Aim of the task: Output exactly the lines from the line that has "Подразделения – все" through the last line of the data below, with no pictures.

Data below:
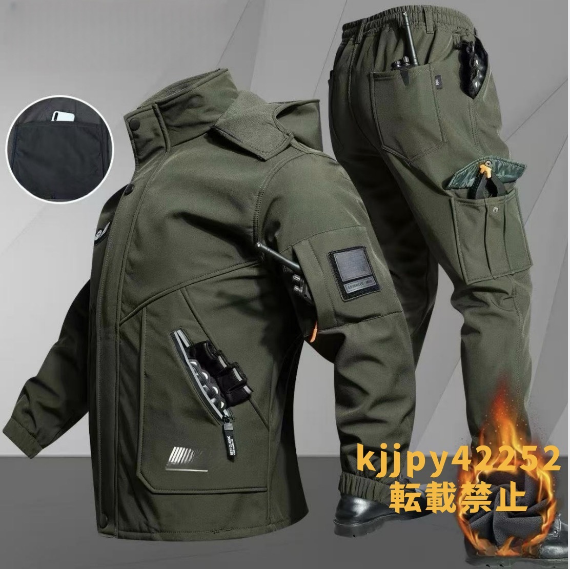 裏起毛 2点セット秋冬新作 防水防風ジャケット 上下セット アウトドアスポーツウェア 釣りセット 釣り服 防寒対策 グリーン L
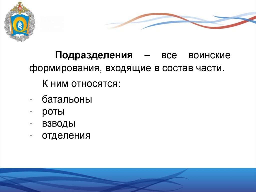 Подразделения – все воинскиеформирования, входящие в состав части.
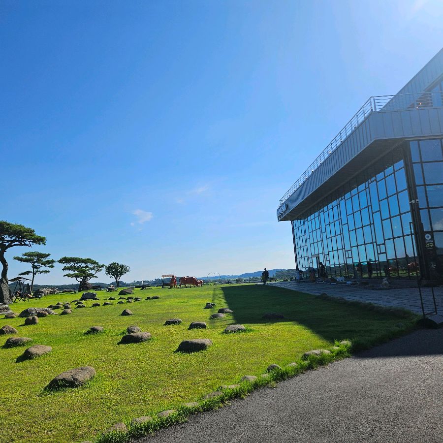 푸른 하늘 아래 넓게 펼쳐진 초원과 카페 건물의 조화로운 모습

Response:
 Подразделения – все воинскиеформирования, входящие в состав части.
 푸른 하늘 아래 넓게 펼쳐진 초원과 카페 건물의 조화로운 모습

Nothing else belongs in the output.